Pictures are to be left out; otherwise, copy exactly the lines from the line containing "- Насос с сыром" through the end of the data.

----- MATERIAL FOR THIS EXERCISE

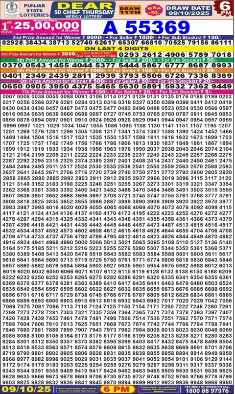 Punjab State Dear 50 Lottery Result 6PM 09.10.25
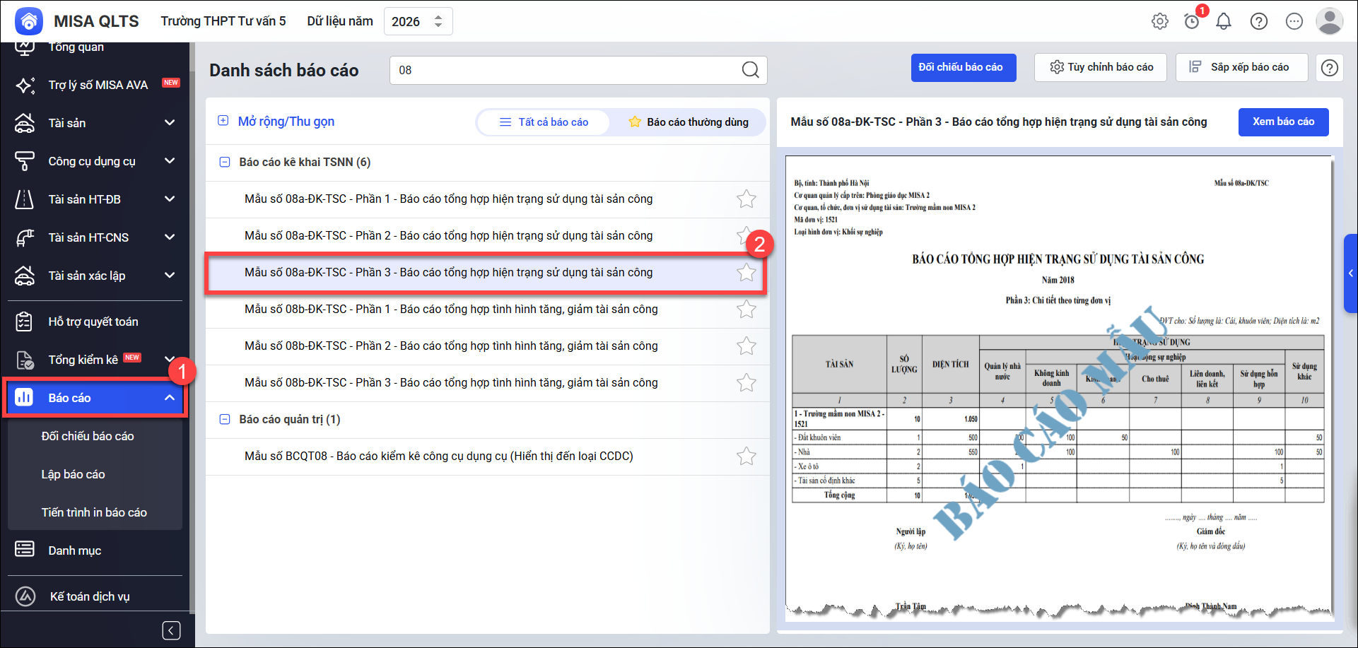 Bước 1: Vào menu Báo cáo\Báo cáo kê khai TSNN\chọn Mẫu số 08a-ĐK-TSC – Phần 3 – Báo cáo tổng hợp hiện trạng sử dụng tài sản công.
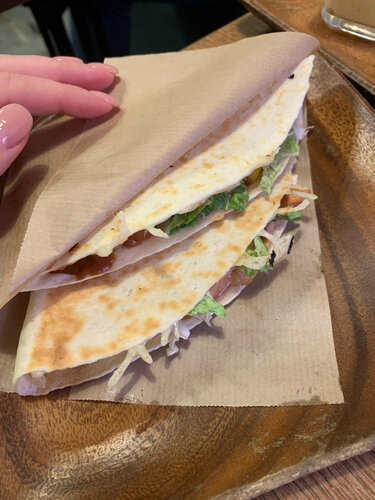 - Насос с сыром - обычная приятная закуска, соус нежный и нежирный; - Кесадилья с курицей не имеет какого-то яркого вкуса, сочная, но очень простенькая; - Буритос с Чили кон карне тоже просто нормальный, не впечатлил. И мы не совсем разобрались в градации остроты: острота на 1/5 почти не ощущается (хотя сказали, что по ощущениям должно быть как перец халапеньо); острота 3/5 ощущается как острота в дошираке с говядиной (хотя тоже сказали, что по ощущениям будет как соус табаско). Ожидание заказов долгое, персонал прекрасен. Понравился лимонад лимон-мята, подходит тем, кто не любит сладкие напитки.
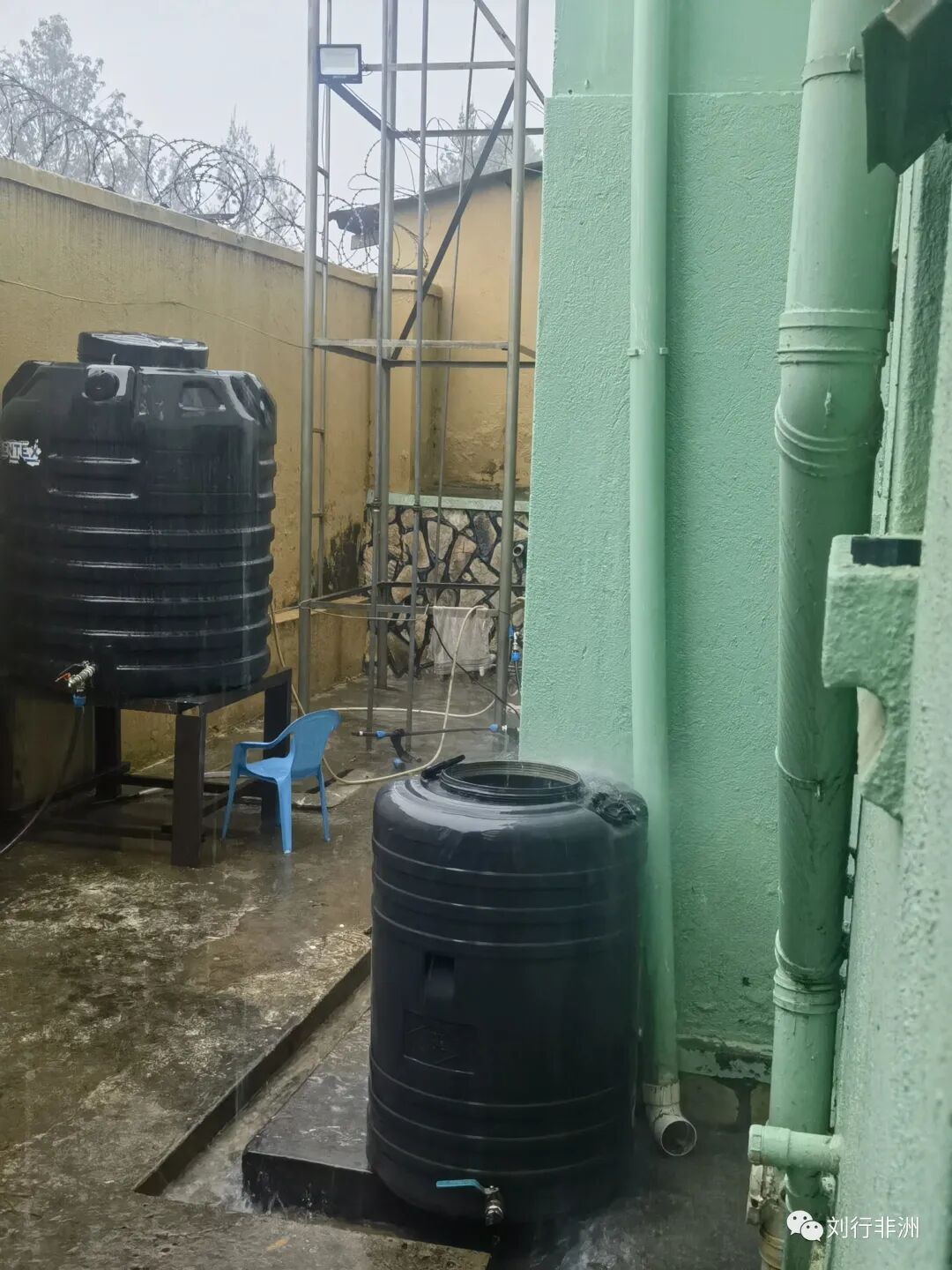 回到家发现今天是有水有电。哈哈哈。早晨没电,跑去公司充了一上午电。昨天下大雨又没水又没电,老高拿大桶去接雨水,说,马桶总得冲。哈哈哈。非洲的雨季果然凶猛,这么大桶,一会儿就接满了。
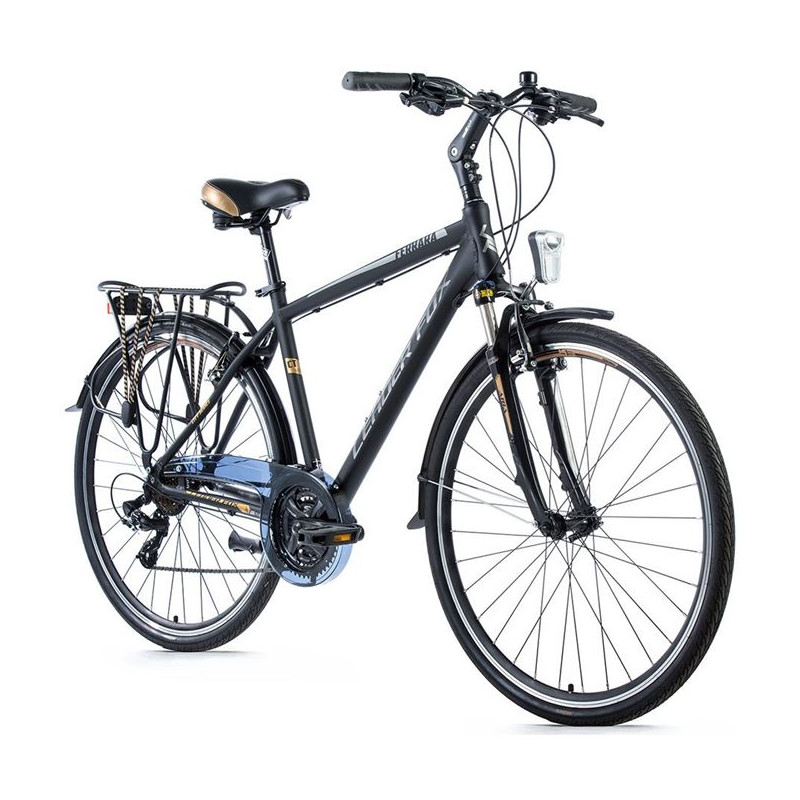 Pánské trekingové kolo Leader Fox FERRARA 28" v hliníkovém rámu, s blatníky a bateriovým LED osvětlením. Ideální kolo pro dopravu po městě nebo na krátké výlety po cyklostezkách.

----------

§ WRITTEN SOLUTION:
 - Насос с сыром - обычная приятная закуска, соус нежный и нежирный; - Кесадилья с курицей не имеет какого-то яркого вкуса, сочная, но очень простенькая; - Буритос с Чили кон карне тоже просто нормальный, не впечатлил. И мы не совсем разобрались в градации остроты: острота на 1/5 почти не ощущается (хотя сказали, что по ощущениям должно быть как перец халапеньо); острота 3/5 ощущается как острота в дошираке с говядиной (хотя тоже сказали, что по ощущениям будет как соус табаско). Ожидание заказов долгое, персонал прекрасен. Понравился лимонад лимон-мята, подходит тем, кто не любит сладкие напитки.
 回到家发现今天是有水有电。哈哈哈。早晨没电,跑去公司充了一上午电。昨天下大雨又没水又没电,老高拿大桶去接雨水,说,马桶总得冲。哈哈哈。非洲的雨季果然凶猛,这么大桶,一会儿就接满了。
 Pánské trekingové kolo Leader Fox FERRARA 28" v hliníkovém rámu, s blatníky a bateriovým LED osvětlením. Ideální kolo pro dopravu po městě nebo na krátké výlety po cyklostezkách.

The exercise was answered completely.